こういう話に結び付く事柄は、S先生との過去のやり取りではないだろうか。

S先生
「お前はもう、芸術に関わっては生きていけないようにしてやる!」

 そう怒鳴られた事が過去にあった。

あの時の発言は、S先生が勢いで言っただけのものとして、僕はそこに目をつぶろうとしてきたけれど。
 その時の影響が、いまこの場面にも残り、拡がっているように僕は考える。

 過去に、生徒間のトラブルについての話でも、 
「暴力的な性格のお前が暴力を振るわなかったなんて珍しいな。何かあったのか?」
「我慢しないで、誰かの行動で腹立ったなら、そいつに暴力振るって判らせた方がいいよ。我慢するのは良くない。」
等とS先生から言われていた。

 そうやって暴力を振るうように僕を煽り、暴力を振るった事実を起こして退学に追い込む考えなのだろう…というのが、S先生の発言に対する僕の解釈である。

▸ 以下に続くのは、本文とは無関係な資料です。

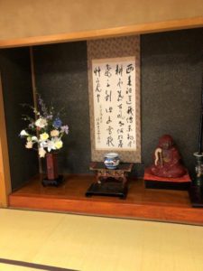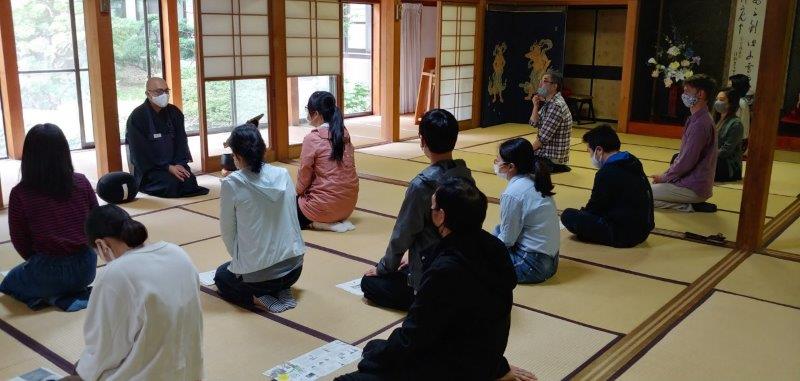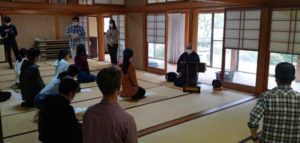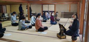 無事に10月3日に坐禅体験講座を開催することができました。コロナ禍での講座の開催ということもあり、普段だと1時間半の日本文化体験講座を1時間に短縮して、広くて換気ができる部屋での開催となりました。

 この時期はS先生と接する機会が減っているだけで、あの険悪な関係は他者を巻き込みながら、今でも続いているのではないか。

 K先生(男子)から、大学へ来ることを禁じられた経緯も、それ等の過程の影響を受けてのものだ。

 S先生の発してきた悪意ある言葉の数々は、いまも全部生きている。

 僕に対してのみ『終わった話だ』といって、その話題に触れるなといっているだけで、S先生はこの問題を終わらせていない。

 S先生に限らず、みんなおかしな状況になっているのを知っていて、後ろめたい行動をとった覚えもあるので、自分に否があるという話が出るのを恐れ、『全部、高木が悪い』という蓋をして、それで押しきろうとしているのではないか。

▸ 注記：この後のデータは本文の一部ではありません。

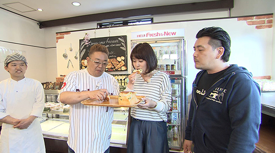 パンや洋菓子などを製造・販売する「パレット築舘本店」。おすすめは、創業以来30年以上変わらぬ味でつくり続けていると言うロングセラーの青豆パン。1日約200個は売れるというパンです。また地元の枝豆を使用したずんだジャムも人気で、和に良し洋に良し、食べ方はアイデア次第!!

 K先生(女子)が、僕に何かを教えると立場が悪くなるというのは、その教員達のやり方に反しているからだ。 

 

 少し前まで、僕はK先生(女子)を信用してよいものかと悩んでいた。

 善意を装った悪意とか、自分は悪くないという既成事実的をものを作っているだけ、という考え方や受け取り方も、しようと思えば出来るけれど…

 フレスコ画のやり取りのなかで、僕はずっと、K先生(女子)をかなり厳しく疑いの目で見てきたのに、疑わしい要素なんか一つも出てこなかった。

 僕は元々、日本画の教員達に対して、喧嘩をしたり疑いを持ちたくて接しているのではなく、信じたい気持ちを持って接しているのだ。

 そういう処からも、これ以上はK先生(女子)を疑えない。

 一年生の頃に、僕は何人かの同級生から『世間知らずのバカだ』と言われていたが、その通りなのだろう。

 自分の生き方として、善意でこれだけのことをしてくれた人物を、これ以上に疑って勘ぐったり、前以て困るとわかっている様なことをしてはいけない、と考える。

 そう考えた上で、この言葉は僕のなかで意味を持ってくる。

『あなたに何かを教えたことを他の先生達に知られたら、私の立場が悪くなる』

 

 K先生(女子)のモラルは信じるけれど、それ故に、K先生(女子)に教えを求めたり、話しかけたり、人間関係的に近付いていく行為は出来ないと意識していく。

 結局は、考えの過程が少し変わっただけで、生徒として具体的にどう動くという部分は、何も変わらないのだ。